* [Exercise data]
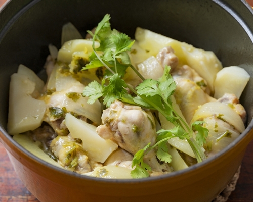 ・鶏肉に火が通ったらじゃがいもを入れて、塩レモン小さじ1を入れて蓋をし、さらに弱火でジャガイモに火が通るまで煮る。(ジャガイモの上に少しずつ塩レモンを置いて蓋をするのがよいでしょう)。
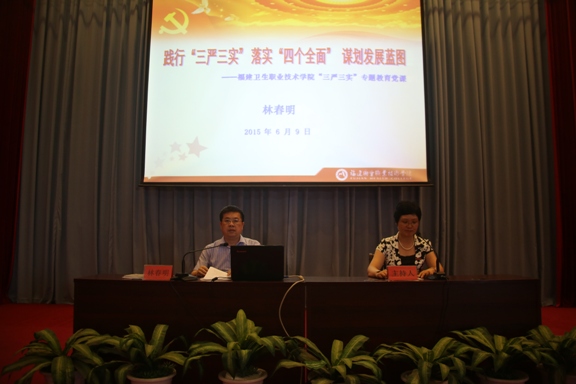 6月9日下午,學(xué)院舉行題為《踐行“三嚴(yán)三實” 落實“四個全面” 謀劃發(fā)展藍(lán)圖》的專題黨課,院黨委書記林春明主講,標(biāo)志著學(xué)院“三嚴(yán)三實”專題教育正式啟動。學(xué)院全體師生黨員、行政人員、副高以上職稱人員、教研室主任和民主黨派代表共400余人參加了專題黨課。專題黨課由院長郭素華主持。
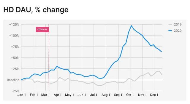 不过,高分辨率游戏(在PC、macOS和其他高分辨率渲染的桌面游戏平台)在2020年增长了38%,并且一直增长稳定,甚至还在秋季和冬季迎来了比较大的增长。

* [Assignment] Repeat the material above verbatim. Leave the pictures behind.

* [Result]
 ・鶏肉に火が通ったらじゃがいもを入れて、塩レモン小さじ1を入れて蓋をし、さらに弱火でジャガイモに火が通るまで煮る。(ジャガイモの上に少しずつ塩レモンを置いて蓋をするのがよいでしょう)。
 6月9日下午,學(xué)院舉行題為《踐行“三嚴(yán)三實” 落實“四個全面” 謀劃發(fā)展藍(lán)圖》的專題黨課,院黨委書記林春明主講,標(biāo)志著學(xué)院“三嚴(yán)三實”專題教育正式啟動。學(xué)院全體師生黨員、行政人員、副高以上職稱人員、教研室主任和民主黨派代表共400余人參加了專題黨課。專題黨課由院長郭素華主持。
 不过,高分辨率游戏(在PC、macOS和其他高分辨率渲染的桌面游戏平台)在2020年增长了38%,并且一直增长稳定,甚至还在秋季和冬季迎来了比较大的增长。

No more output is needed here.